Actuarial value of employer-based insurance more generous than ACA plans
Within the employer market, however, some industries are less generous than others.
Implementation of major coverage provisions of the Affordable Care Act in 2014 raised concerns that workers would move to plans with lower actuarial value, or relative generosity. To better understand the risk of workers moving to lower AV plans in the exchanges, it is important to know whether such a downward trend in AV already is occurring in the employment-based market.
Related: Slipping away: Does the employer-sponsored health care system have an expiration date?
The Employee Benefit Research Institute reached these conclusions after studying AV in the employment-based health coverage market:
- Both average and median AV were about 83% in each year from 2013 to 2019.
- There were differences in average AV by plan type.

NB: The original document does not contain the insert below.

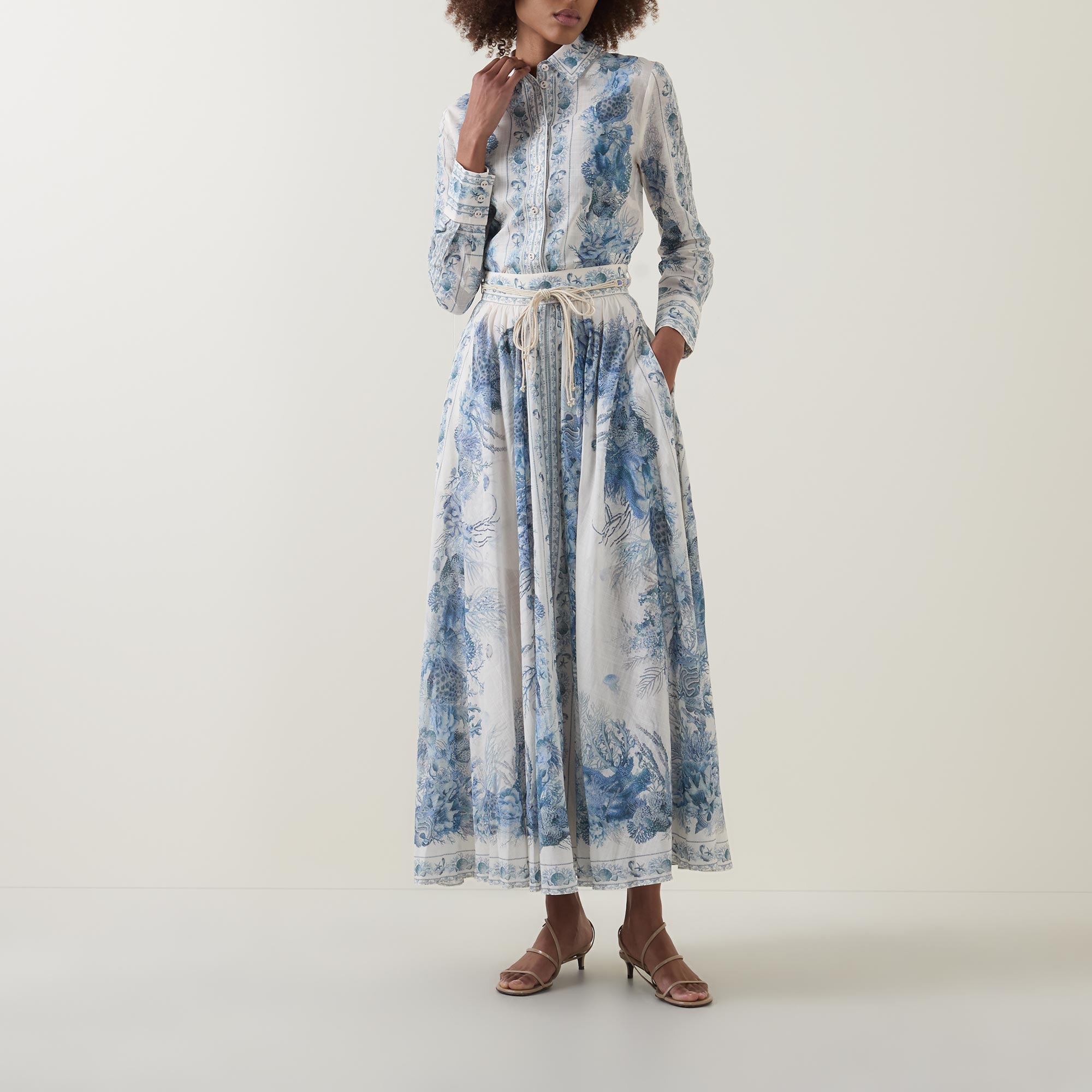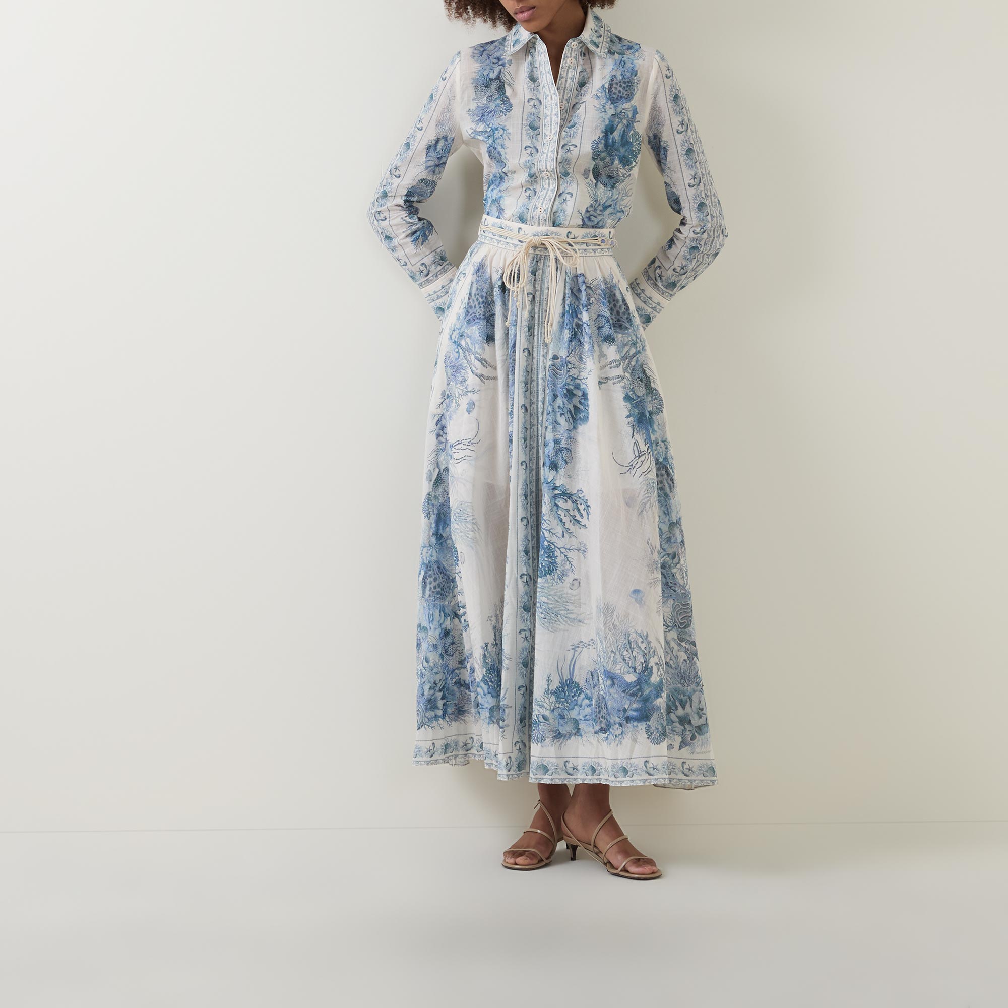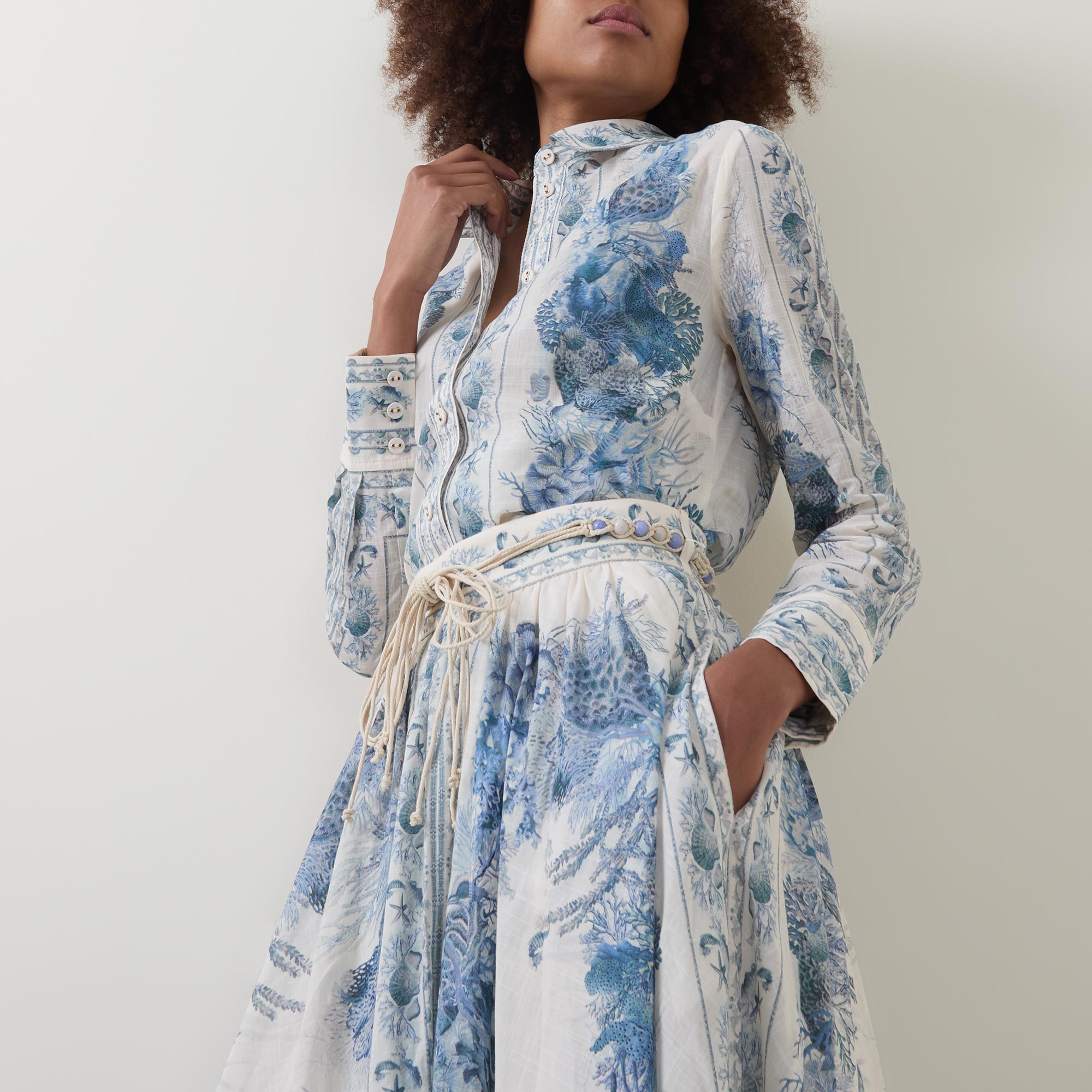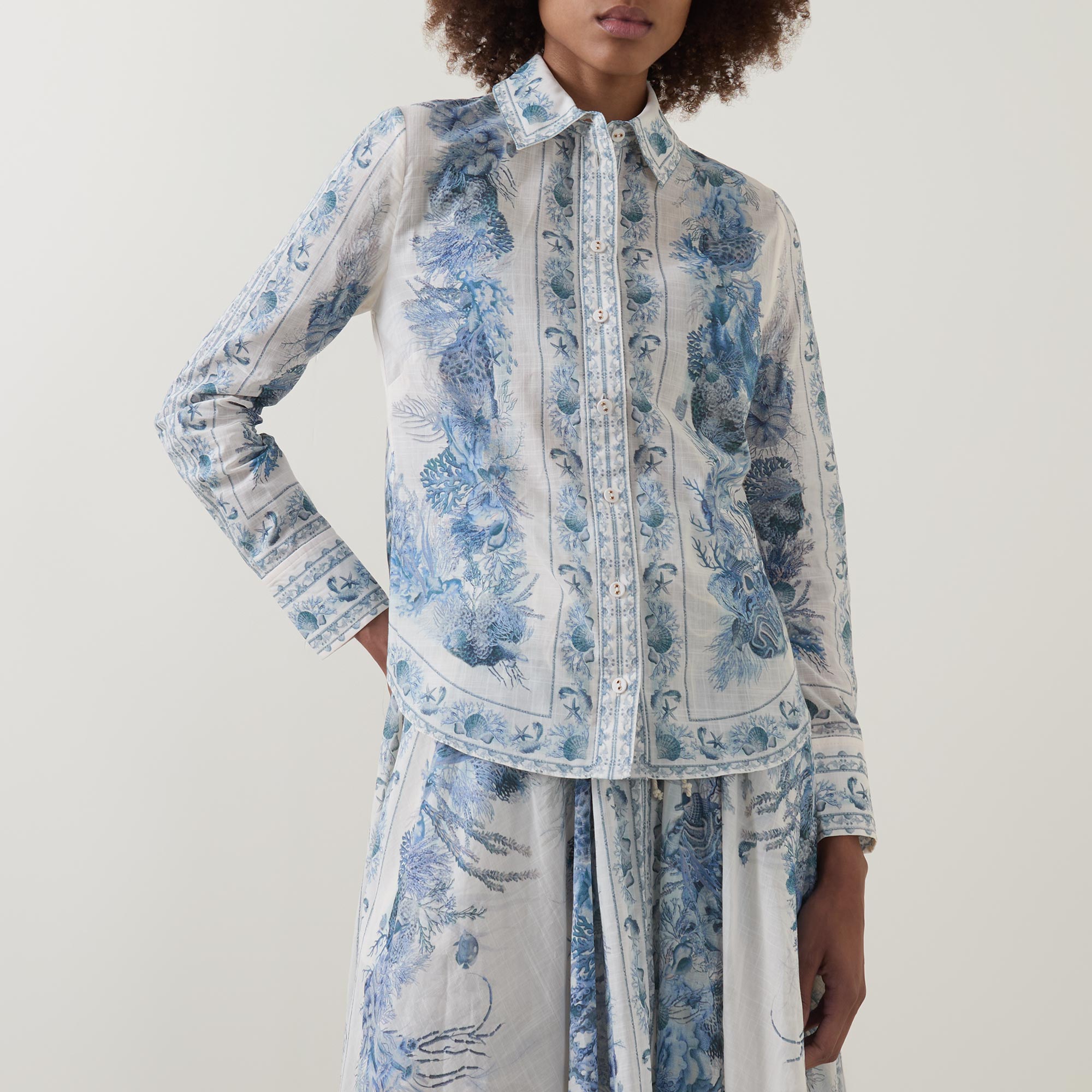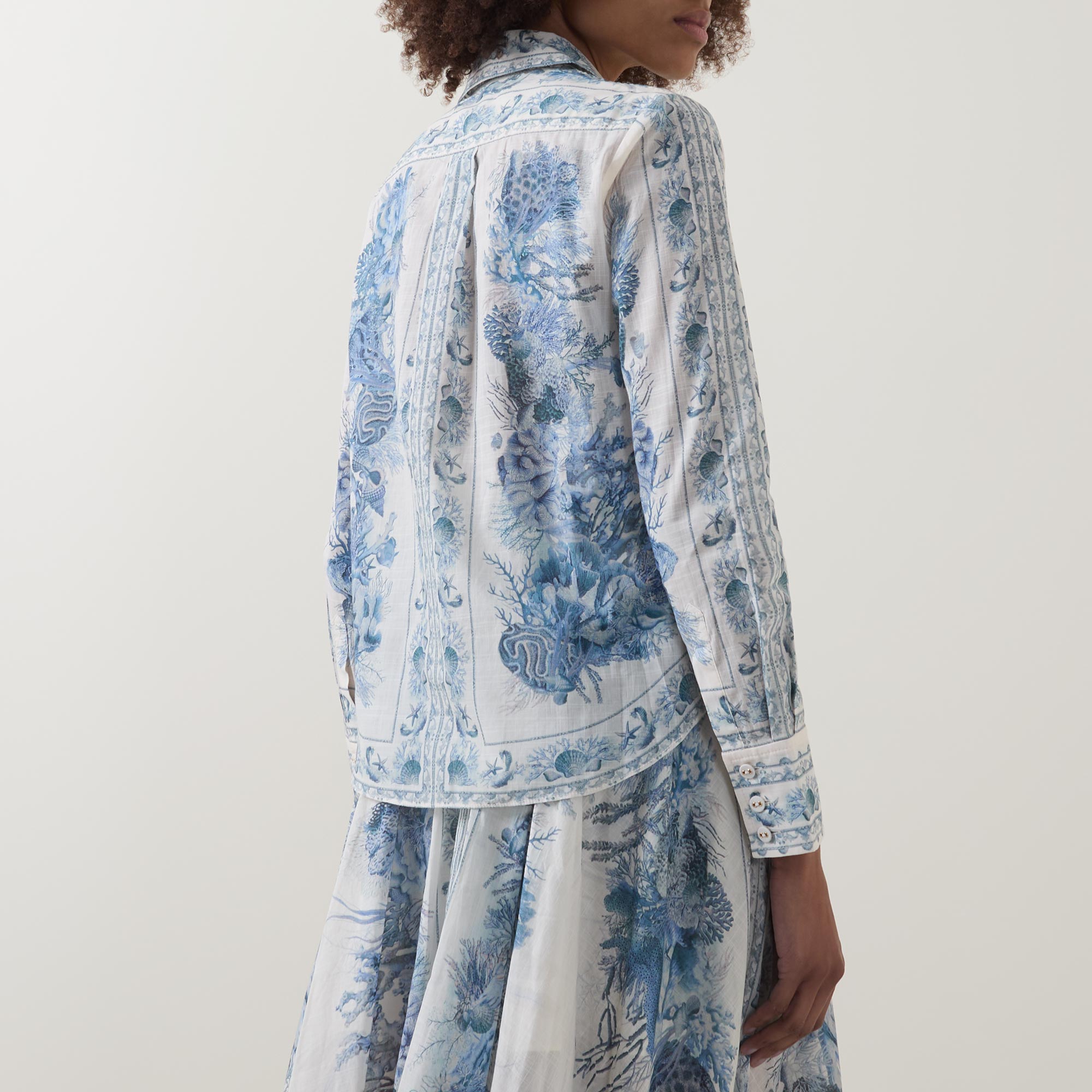 Botanical prints feature across the SS26 collection from Zimmermann, seen adorning the Wanderlust shirt. Cut to a slim fit, it features a classic collar and long cuffed sleeves, finished with a button fastening placket to the front.

The average AV for enrollees in health maintenance organizations (HMOs) or exclusive provider organizations was highest. This was followed by the AV of enrollees in fee-for-service plans. Preferred provider organizations and point-of-service enrollees saw an average AV of 85% and 84%, respectively. Plans linked to spending accounts had the lowest AVs.
- Average AV increased for every type of health plan between 2013 and 2019.
- Demographics did not significantly affect plan choice.
- AV varied by industry. Workers in retail, agriculture, forestry, fishing, construction, finance, insurance and real estate are in the lowest AV plans.
“According to our analysis, employment-based health benefits have not declined in value since enactment of the ACA,” researchers said. “If anything, AV has improved slightly over the intervening years. However, we did find variation in AV, in particular, by industry. Those industries with lower AV may not be in a position to improve health benefits and may question the value in providing such benefits were there a viable alternative.”
Coverage provided through employers is the most common form of coverage for Americans under age 65. Although ACA individual market coverage has garnered a lot of attention since it first was offered, it still covers a relatively small proportion of the under-65 U.S. population. Employer coverage is more generous and, considering the employer contribution, a good value for most workers. Employer coverage also is stable, with the percentage of Americans holding this type of coverage increasing from 70.5% to 72.7% between 2013 and 2019.
“Although the ACA ultimately did not cause many employers to drop or reduce the value of the coverage they offered, other policy actions could do so — even though employers appear reluctant to stop offering such coverage,” researchers concluded. “Lawmakers will have to balance the value of helping people obtain a sufficient level of health insurance in the ACA market while preserving the incentives that help to shore up enrollment in employer coverage. Policy proposals under consideration to help the individual market should consider potential unintended consequences in the employment-based health insurance market.”